Scott Alexander Scheffler (born June 21, 1996) is an American professional golfer who plays on the PGA Tour. He is the current world number one, first reaching the position in the Official World Golf Ranking in March 2022 and has held the ranking for a cumulative 32 weeks. He has won one major championship, the 2022 Masters Tournament. He also won the 2023 Players Championship.

Early life
Scheffler was born in Ridgewood, New Jersey on June 21, 1996. His father, Scott, grew up in Englewood Cliffs, New Jersey, and attended St. Cecilia High School in Englewood. His mother, Diane, grew up in Park Ridge, New Jersey. Scheffler is the only boy among four siblings. His sisters are named Callie, Molly and Sara. The family lived in Montvale, New Jersey, until Scheffler was aged six, when they moved to Dallas, Texas, in the wake of the September 11 attacks. Scheffler's father was a stay-at-home dad, while his mother worked as a chief operating officer at the law firm Thompson & Knight.
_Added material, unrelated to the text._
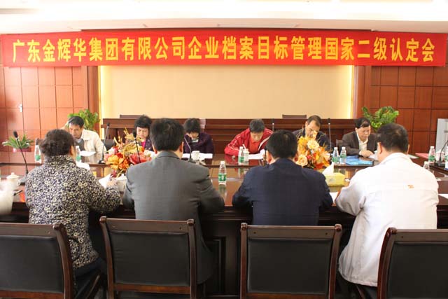2010年12月24日上午“廣東金輝華集團(tuán)有限公司企業(yè)檔案目標(biāo)管理國(guó)家二級(jí)認(rèn)定會(huì)”在集團(tuán)技術(shù)中心會(huì)議室舉行,我司最終以88.2分的高分通過(guò)了企業(yè)檔案目標(biāo)管理國(guó)家二級(jí)認(rèn)定。

Scheffler's interest in golf began at age three, when his parents gave him a set of plastic clubs and ball. After the move to Dallas, he received tutelage at the Royal Oaks Golf Club under instructor Randy Smith, who coached Justin Leonard to a victory at The Open Championship in 1997. Scheffler had prolific success at the youth level, and won 75 times on the PGA junior circuit, competing against the likes of fellow Dallas-area native Will Zalatoris.

Entering high school, Scheffler was barely  in height, but experienced a large growth spurt and soon measured over  tall. The rapid growth caused back injuries for Scheffler, particularly during his sophomore year. He played golf and basketball at Highland Park High School in the Dallas suburb of University Park. At Highland Park, Scheffler won individual state titles three years in a row (2012 to 2014), matching a record set by fellow Texan Jordan Spieth. He also had success in AJGA events, won the 2013 U.S. Junior Amateur, and was the top-ranked junior golfer in the country in 2014. Scheffler made his PGA Tour debut in May 2014, as a 17-year-old amateur at the HP Byron Nelson Championship. With his sister Callie caddying for him, he made the cut. He recorded a hole-in-one in the third round and ultimately finished at 4-under-par, in a tie for 22nd place. He was ineligible for the $60,000 payout due to his amateur status.

Scheffler was then recruited to play collegiate golf at the University of Texas from 2014 to 2018, where he helped the team win three Big 12 championships and was named "Phil Mickelson Freshman of the Year" in 2015. He graduated in 2018 with a bachelor's degree in finance. He was also part of the U.S. team that won the 2017 Walker Cup.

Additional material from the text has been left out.